Automatic live subtitling system being trialed in academic conferences
An automatic subtitling system powered by the speech recognition technology which is under development at Kyoto University made its debut on 22 August at the inaugural meeting of the Assistive and Accessible Computing (AAC) Study Group of the Information Processing Society of Japan (IPSJ). The system is intended to help people with hearing difficulties and is scheduled to be trialed over an extended term in academic conferences.
Long-term trial use of a high-accuracy speech recognition system in academic conferences represents an unprecedented step which it is hoped will eventually lead to the establishment of a dramatically lower-cost alternative to the conventional method of providing subtitles for the deaf and hard-of-hearing (SDH), which involves two or more specially trained and experienced typists working together.
A new accessibility law scheduled to take effect in Japan next year mandates provision of "reasonable accommodation" to persons with disabilities. With the number of students with special needs rising steadily, universities and conference organizers are under increasing pressure to find ways to ensure accessibility of their lectures and presentations. In the context of assisting deaf and hard-of-hearing people, this usually means providing subtitles and text summaries. However, persons capable of summarizing highly technical information and typing it out in real time continue to be in limited supply, posing a serious human resources challenge for many universities and academic institutions.
Against this backdrop, two KU researchers working on natural speech recognition—Professor Tatsuya Kawahara of the Graduate School of Informatics and Dr Yuya Akita, a Lecturer at the Graduate School of Economics—have succeeded in developing a system that automatically generates subtitles for speeches and lectures as they are delivered.

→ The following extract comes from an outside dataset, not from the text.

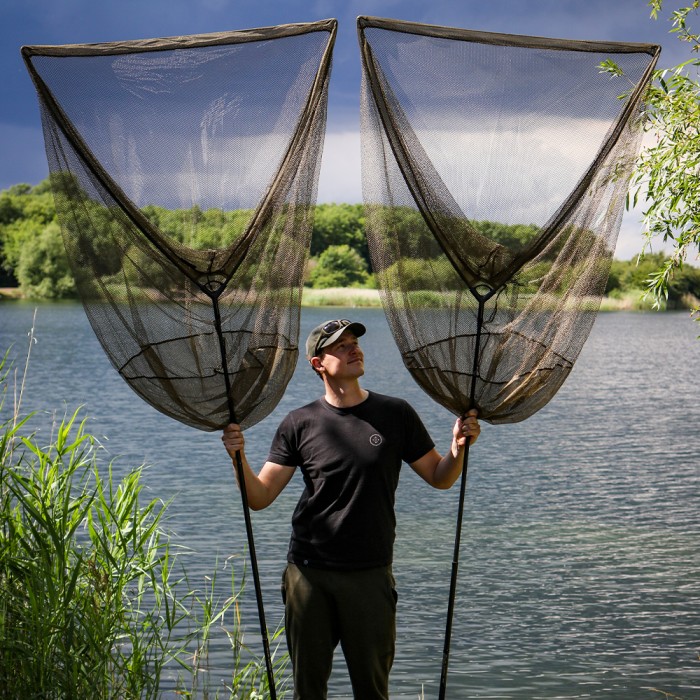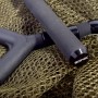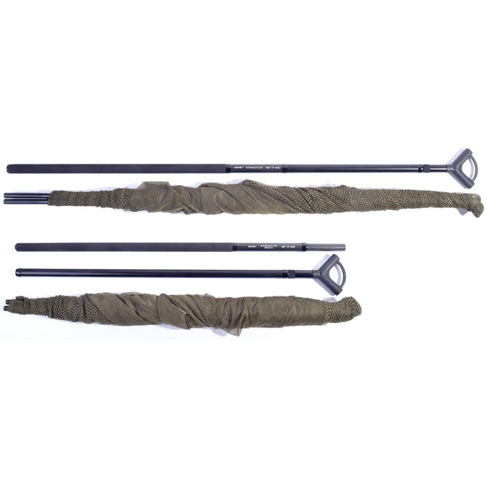 The XTRACTOR+ RECON landing net has been designed to complement our shorter retractable butt carp rods with a transport length of only 30 inches, whilst still being a full 42 size landing net. This has been achieved by both the net arms and handle having telescopic construction. The redesigned and updated handle is super stiff and can now be used at three different lengths, 75cm 145cm and 195cm. At full length there is also a spiked point for fish retention if needed. All fittings are both glued and pinned for ultimate reliability. The super strong forged aluminium spreader block has a skeleton design for easy arm insertion and stainless steel 3/8 stud. The reinforced olive green 42 mesh has free-flowing hex mesh on the sides and a super soft base mesh. A generous depth of 95cm strikes a perfect balance for temporarily holding fish and moving quickly through the water.

In order to achieve the highest possible degree of accuracy, the speech recognition system needs to be customized in advance by familiarizing it with the vocabulary and topic of the talk in question, requiring the operator to obtain the proceedings paper beforehand. In addition, the output will inevitably contain some errors that need to be manually corrected.
That said, for a reasonably successful session, the amount of correction required should be within the capacity of a single person, making the procedure much less expensive—less than one-tenth by some estimates—than manual subtitling.
Through trialing the system in academic conferences on a continuous basis with the cooperation of participating speakers—who will be asked to submit proceedings papers in advance, speak slowly and clearly, and repeat questions from the audience—the project team is hoping to keep improving the performance of the system and to continue accumulating operational know-how.